__Exercise description__: Write again exactly the lines in the listing below, starting at the line with "Газпромбанк, банкомат по" and ending at the line with "Двери и ящики: Двери", both included. Pictures are not copied.

__Entries shown__:
....

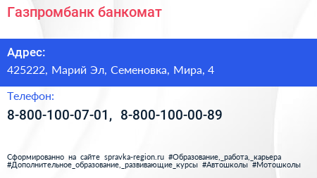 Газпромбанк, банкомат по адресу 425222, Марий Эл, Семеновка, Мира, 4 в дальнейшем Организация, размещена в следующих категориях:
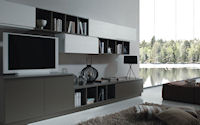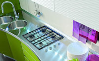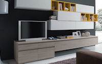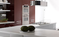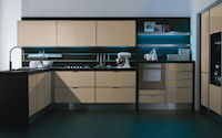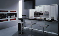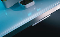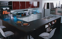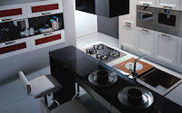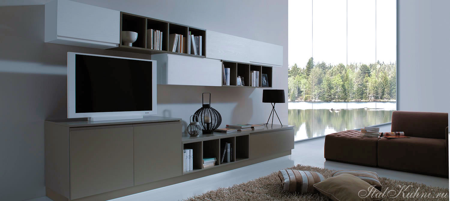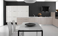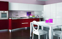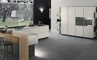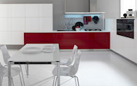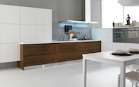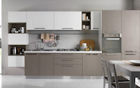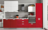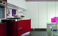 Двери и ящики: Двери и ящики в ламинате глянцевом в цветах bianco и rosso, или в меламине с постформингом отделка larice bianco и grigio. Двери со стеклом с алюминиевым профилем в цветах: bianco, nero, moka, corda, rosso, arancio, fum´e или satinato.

....

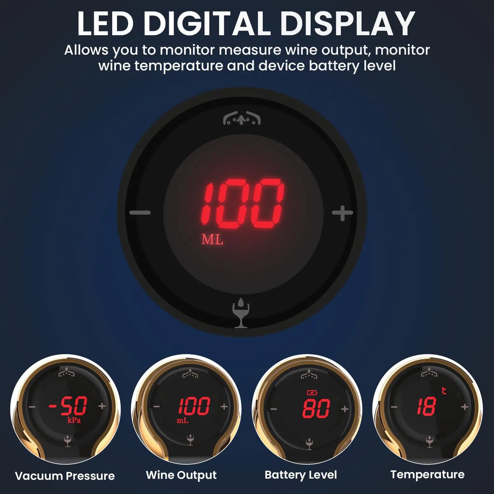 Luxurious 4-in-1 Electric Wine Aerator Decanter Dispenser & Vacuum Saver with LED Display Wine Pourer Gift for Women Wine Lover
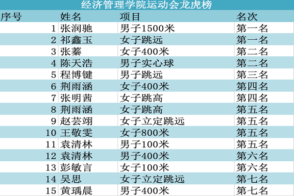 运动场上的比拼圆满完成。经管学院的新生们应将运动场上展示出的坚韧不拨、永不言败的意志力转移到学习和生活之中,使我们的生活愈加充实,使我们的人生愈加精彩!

....

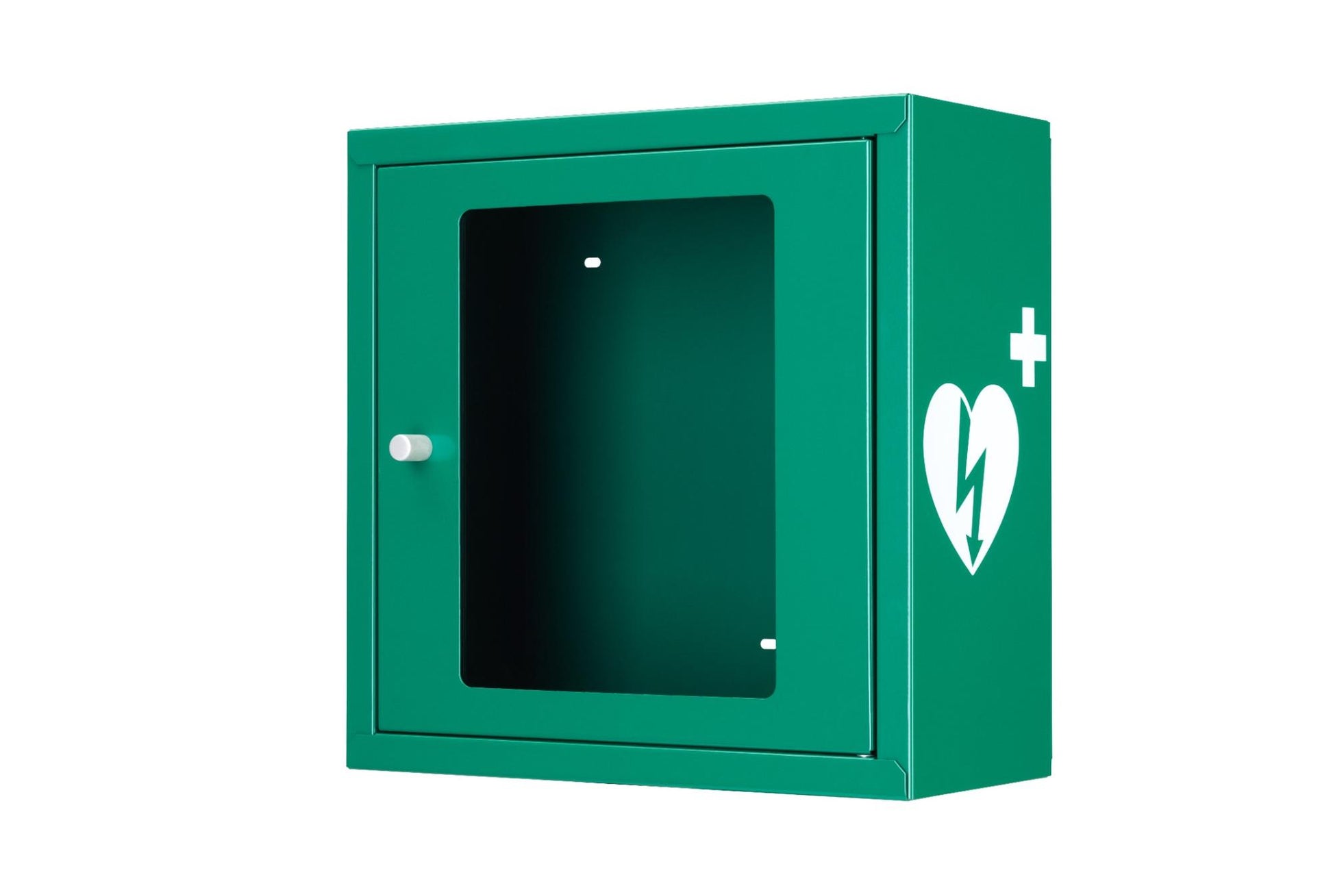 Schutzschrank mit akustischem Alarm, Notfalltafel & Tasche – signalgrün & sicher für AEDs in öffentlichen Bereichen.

....

__Result below__:
 Газпромбанк, банкомат по адресу 425222, Марий Эл, Семеновка, Мира, 4 в дальнейшем Организация, размещена в следующих категориях:
 Двери и ящики: Двери и ящики в ламинате глянцевом в цветах bianco и rosso, или в меламине с постформингом отделка larice bianco и grigio. Двери со стеклом с алюминиевым профилем в цветах: bianco, nero, moka, corda, rosso, arancio, fum´e или satinato.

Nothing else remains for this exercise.